• Brief:
In the listing beneath this line, copy exactly the lines starting with the one containing "迷路ですが、壁の有る無しを精" and going on through the one containing "Massaved på väg".

=======

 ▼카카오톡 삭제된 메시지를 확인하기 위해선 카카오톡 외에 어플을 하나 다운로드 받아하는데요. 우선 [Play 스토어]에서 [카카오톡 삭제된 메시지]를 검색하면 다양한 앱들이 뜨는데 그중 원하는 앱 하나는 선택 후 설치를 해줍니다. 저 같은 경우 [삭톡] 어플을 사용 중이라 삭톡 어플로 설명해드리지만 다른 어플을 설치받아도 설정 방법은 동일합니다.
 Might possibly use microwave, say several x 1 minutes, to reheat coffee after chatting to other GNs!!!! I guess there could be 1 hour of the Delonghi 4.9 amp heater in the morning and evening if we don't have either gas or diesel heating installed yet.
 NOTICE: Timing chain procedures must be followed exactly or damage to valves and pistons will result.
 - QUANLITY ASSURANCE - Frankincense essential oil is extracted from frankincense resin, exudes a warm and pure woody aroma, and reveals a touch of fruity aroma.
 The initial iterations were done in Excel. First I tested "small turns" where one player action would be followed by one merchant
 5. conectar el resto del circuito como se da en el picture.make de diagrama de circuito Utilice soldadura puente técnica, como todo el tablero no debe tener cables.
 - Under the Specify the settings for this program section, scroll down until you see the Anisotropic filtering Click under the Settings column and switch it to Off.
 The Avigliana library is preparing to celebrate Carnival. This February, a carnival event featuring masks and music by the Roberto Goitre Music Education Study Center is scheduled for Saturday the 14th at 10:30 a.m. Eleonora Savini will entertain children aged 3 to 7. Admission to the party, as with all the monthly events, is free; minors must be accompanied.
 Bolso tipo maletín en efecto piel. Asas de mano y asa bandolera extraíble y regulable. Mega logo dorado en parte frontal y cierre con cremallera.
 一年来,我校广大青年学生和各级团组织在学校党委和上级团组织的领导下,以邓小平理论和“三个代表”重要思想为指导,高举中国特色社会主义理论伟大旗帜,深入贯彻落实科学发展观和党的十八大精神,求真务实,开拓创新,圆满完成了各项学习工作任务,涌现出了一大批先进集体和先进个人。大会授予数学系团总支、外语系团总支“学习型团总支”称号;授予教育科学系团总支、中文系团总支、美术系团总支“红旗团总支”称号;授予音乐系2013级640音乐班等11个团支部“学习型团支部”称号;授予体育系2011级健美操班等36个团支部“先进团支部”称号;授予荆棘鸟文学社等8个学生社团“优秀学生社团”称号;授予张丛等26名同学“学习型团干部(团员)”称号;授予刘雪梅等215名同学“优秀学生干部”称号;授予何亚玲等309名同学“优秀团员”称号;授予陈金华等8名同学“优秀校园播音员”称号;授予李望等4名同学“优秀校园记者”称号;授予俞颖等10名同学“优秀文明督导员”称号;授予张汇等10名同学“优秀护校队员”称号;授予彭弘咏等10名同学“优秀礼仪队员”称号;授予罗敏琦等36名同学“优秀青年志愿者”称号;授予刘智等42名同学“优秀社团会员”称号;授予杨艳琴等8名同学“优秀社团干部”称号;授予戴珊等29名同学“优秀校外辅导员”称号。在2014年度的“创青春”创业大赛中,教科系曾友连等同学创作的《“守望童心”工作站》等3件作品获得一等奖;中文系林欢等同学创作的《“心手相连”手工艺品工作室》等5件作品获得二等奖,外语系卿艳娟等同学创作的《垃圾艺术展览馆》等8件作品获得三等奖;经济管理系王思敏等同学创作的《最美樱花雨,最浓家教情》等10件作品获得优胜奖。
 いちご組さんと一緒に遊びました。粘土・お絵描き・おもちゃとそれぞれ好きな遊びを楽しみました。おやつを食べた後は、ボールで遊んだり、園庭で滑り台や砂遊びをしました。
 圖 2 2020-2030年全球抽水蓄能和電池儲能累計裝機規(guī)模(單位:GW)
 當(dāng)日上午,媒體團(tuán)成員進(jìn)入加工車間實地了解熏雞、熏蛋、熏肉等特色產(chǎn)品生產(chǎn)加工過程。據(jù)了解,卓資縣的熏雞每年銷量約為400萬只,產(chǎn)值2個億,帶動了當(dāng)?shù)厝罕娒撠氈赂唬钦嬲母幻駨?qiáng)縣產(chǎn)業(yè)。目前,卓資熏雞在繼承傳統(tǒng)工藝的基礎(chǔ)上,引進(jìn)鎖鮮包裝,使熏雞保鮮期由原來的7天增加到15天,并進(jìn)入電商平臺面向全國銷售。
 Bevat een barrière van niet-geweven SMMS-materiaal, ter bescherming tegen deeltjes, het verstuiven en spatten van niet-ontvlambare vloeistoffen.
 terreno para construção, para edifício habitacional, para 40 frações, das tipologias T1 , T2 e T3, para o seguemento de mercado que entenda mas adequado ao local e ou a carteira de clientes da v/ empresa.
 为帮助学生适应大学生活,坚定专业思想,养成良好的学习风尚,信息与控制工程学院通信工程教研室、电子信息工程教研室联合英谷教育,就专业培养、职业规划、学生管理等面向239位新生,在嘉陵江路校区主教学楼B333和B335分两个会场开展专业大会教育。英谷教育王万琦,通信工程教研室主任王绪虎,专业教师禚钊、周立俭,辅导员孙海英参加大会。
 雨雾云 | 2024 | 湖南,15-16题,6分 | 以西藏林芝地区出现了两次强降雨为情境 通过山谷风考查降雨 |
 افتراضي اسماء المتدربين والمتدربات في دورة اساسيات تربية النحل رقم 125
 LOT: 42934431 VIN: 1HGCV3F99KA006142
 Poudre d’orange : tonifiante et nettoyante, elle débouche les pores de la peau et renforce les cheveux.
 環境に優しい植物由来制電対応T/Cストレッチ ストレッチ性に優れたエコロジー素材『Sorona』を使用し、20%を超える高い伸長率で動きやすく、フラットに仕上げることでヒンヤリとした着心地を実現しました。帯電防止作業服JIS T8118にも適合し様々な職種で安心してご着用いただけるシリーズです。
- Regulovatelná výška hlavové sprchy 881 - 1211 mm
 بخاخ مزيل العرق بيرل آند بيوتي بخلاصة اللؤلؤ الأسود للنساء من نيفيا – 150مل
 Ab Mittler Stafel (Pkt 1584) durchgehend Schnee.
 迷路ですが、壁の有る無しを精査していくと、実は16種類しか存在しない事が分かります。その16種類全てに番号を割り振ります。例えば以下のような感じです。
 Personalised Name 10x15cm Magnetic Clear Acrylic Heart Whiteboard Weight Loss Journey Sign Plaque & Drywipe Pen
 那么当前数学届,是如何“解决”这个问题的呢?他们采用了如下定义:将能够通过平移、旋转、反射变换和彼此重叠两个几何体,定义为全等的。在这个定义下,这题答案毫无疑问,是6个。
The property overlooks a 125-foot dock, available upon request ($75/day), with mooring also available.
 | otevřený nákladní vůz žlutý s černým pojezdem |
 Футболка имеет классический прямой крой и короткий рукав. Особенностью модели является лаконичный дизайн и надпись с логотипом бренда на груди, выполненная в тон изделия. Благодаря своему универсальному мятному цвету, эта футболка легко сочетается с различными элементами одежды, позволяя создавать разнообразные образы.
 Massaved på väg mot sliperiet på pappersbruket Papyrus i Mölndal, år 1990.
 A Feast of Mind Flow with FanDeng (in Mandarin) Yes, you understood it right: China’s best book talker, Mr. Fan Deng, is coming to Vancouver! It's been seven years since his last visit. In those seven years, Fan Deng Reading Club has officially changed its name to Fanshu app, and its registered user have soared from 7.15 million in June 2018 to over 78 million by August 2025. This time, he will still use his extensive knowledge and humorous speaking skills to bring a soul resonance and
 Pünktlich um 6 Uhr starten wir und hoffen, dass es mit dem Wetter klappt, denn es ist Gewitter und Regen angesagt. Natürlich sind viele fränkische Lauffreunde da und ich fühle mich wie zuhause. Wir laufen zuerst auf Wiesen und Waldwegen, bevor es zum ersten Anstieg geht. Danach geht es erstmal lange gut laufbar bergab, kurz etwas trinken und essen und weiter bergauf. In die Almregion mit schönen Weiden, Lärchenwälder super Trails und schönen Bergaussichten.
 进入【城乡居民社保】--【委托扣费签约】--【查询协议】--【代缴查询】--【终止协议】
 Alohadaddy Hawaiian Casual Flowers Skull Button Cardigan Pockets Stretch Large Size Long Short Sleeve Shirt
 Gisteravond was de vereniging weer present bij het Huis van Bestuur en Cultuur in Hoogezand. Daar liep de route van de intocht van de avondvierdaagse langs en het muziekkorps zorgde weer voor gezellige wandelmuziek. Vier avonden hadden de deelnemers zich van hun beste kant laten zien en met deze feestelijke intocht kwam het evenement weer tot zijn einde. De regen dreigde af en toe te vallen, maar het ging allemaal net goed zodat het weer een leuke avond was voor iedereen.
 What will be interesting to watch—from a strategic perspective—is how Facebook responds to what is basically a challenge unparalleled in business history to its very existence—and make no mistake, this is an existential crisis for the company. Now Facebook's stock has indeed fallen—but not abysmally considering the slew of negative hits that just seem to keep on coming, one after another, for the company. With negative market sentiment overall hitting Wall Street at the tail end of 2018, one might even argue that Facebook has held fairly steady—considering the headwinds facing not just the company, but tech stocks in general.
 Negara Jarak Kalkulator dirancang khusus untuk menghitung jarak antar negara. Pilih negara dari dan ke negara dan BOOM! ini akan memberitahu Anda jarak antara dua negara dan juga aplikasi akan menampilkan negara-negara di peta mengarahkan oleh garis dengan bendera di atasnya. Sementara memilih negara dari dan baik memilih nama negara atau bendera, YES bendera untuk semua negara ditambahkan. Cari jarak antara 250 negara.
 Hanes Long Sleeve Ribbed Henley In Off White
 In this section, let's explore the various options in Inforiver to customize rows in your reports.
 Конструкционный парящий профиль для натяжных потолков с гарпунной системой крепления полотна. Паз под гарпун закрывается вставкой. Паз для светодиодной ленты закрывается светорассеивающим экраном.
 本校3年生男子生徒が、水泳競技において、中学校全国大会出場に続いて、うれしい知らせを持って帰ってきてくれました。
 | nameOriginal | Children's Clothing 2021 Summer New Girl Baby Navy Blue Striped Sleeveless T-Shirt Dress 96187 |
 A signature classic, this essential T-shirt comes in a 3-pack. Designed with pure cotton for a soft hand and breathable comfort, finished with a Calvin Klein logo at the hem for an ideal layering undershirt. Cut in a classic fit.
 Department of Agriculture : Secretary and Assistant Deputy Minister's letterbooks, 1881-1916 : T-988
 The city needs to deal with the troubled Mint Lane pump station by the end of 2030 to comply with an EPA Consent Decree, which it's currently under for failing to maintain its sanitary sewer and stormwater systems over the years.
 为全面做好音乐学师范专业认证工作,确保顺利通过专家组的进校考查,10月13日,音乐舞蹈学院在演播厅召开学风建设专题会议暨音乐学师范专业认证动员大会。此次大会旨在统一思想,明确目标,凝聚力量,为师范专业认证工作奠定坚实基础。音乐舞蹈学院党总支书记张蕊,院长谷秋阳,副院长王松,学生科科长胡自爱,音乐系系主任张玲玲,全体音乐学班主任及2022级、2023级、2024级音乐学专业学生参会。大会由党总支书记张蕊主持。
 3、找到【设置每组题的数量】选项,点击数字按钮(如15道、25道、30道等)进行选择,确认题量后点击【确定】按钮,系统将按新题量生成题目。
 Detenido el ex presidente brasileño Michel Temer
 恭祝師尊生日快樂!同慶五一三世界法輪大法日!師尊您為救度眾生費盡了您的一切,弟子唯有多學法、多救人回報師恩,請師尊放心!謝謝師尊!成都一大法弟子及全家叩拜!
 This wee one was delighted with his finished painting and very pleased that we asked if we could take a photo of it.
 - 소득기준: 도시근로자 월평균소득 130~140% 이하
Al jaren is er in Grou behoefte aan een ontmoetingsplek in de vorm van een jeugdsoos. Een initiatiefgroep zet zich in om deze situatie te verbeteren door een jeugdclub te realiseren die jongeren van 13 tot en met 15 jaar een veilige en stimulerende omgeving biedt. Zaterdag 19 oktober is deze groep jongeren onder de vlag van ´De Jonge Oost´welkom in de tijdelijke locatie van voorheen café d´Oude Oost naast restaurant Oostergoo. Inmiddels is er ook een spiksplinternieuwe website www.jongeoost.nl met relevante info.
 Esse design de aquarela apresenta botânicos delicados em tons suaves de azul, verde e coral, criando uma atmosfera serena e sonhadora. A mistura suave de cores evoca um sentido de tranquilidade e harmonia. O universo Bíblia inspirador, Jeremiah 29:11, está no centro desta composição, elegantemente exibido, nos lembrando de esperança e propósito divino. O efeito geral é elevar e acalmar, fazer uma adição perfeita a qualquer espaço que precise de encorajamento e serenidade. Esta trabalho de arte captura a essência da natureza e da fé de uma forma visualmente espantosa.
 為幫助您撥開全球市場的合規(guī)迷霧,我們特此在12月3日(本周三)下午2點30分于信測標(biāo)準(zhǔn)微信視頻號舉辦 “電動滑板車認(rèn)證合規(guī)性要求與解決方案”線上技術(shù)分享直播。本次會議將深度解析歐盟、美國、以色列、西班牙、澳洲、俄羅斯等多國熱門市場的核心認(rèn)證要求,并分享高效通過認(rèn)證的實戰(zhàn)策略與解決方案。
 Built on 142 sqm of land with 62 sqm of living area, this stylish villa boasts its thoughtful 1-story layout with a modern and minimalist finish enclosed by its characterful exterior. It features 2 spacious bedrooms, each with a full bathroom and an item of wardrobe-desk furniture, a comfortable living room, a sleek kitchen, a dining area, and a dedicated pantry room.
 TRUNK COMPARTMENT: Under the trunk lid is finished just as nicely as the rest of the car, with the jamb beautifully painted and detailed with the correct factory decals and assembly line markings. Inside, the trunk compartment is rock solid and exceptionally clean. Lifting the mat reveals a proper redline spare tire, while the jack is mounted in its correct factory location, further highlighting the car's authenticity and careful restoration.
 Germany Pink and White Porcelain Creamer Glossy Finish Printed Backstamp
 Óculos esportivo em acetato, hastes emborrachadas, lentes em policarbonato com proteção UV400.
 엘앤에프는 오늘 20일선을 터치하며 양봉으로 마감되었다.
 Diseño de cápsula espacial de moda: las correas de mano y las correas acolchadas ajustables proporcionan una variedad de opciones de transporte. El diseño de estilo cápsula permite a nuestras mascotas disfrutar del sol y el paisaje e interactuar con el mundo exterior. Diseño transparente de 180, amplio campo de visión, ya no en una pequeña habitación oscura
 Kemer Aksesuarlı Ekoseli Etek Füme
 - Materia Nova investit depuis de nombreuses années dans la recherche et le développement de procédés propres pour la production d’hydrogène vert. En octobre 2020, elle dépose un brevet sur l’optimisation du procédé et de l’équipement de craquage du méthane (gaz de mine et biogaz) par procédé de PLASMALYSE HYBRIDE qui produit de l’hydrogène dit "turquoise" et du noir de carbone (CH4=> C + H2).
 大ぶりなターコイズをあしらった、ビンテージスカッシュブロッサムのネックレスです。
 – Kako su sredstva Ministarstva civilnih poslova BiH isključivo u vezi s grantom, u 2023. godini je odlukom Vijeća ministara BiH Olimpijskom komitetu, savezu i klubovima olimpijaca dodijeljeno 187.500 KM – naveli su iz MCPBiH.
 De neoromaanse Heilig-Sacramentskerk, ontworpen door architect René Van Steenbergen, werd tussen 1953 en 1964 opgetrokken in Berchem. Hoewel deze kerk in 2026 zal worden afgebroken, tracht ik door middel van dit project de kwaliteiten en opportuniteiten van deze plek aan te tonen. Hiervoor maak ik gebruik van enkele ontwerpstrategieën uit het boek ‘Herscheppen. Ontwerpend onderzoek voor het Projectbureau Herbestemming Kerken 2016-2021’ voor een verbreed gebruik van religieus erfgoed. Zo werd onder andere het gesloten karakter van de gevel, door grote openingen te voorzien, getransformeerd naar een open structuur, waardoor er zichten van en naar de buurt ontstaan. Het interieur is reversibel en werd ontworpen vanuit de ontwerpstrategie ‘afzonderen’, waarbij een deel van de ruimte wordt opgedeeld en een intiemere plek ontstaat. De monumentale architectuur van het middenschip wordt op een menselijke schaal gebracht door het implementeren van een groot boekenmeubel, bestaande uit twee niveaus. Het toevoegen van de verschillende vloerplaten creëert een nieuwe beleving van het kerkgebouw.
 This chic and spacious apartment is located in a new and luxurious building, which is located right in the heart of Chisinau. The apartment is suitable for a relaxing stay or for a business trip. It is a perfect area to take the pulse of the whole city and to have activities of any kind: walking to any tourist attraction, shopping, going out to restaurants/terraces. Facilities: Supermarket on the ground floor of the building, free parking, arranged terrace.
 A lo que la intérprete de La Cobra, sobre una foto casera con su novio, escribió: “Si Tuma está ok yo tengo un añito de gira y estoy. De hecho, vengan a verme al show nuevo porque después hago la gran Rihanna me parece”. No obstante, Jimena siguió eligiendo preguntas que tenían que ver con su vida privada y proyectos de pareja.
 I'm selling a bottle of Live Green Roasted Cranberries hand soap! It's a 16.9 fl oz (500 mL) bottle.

=======

• Output of the task:
 迷路ですが、壁の有る無しを精査していくと、実は16種類しか存在しない事が分かります。その16種類全てに番号を割り振ります。例えば以下のような感じです。
 Personalised Name 10x15cm Magnetic Clear Acrylic Heart Whiteboard Weight Loss Journey Sign Plaque & Drywipe Pen
 那么当前数学届,是如何“解决”这个问题的呢?他们采用了如下定义:将能够通过平移、旋转、反射变换和彼此重叠两个几何体,定义为全等的。在这个定义下,这题答案毫无疑问,是6个。
The property overlooks a 125-foot dock, available upon request ($75/day), with mooring also available.
 | otevřený nákladní vůz žlutý s černým pojezdem |
 Футболка имеет классический прямой крой и короткий рукав. Особенностью модели является лаконичный дизайн и надпись с логотипом бренда на груди, выполненная в тон изделия. Благодаря своему универсальному мятному цвету, эта футболка легко сочетается с различными элементами одежды, позволяя создавать разнообразные образы.
 Massaved på väg mot sliperiet på pappersbruket Papyrus i Mölndal, år 1990.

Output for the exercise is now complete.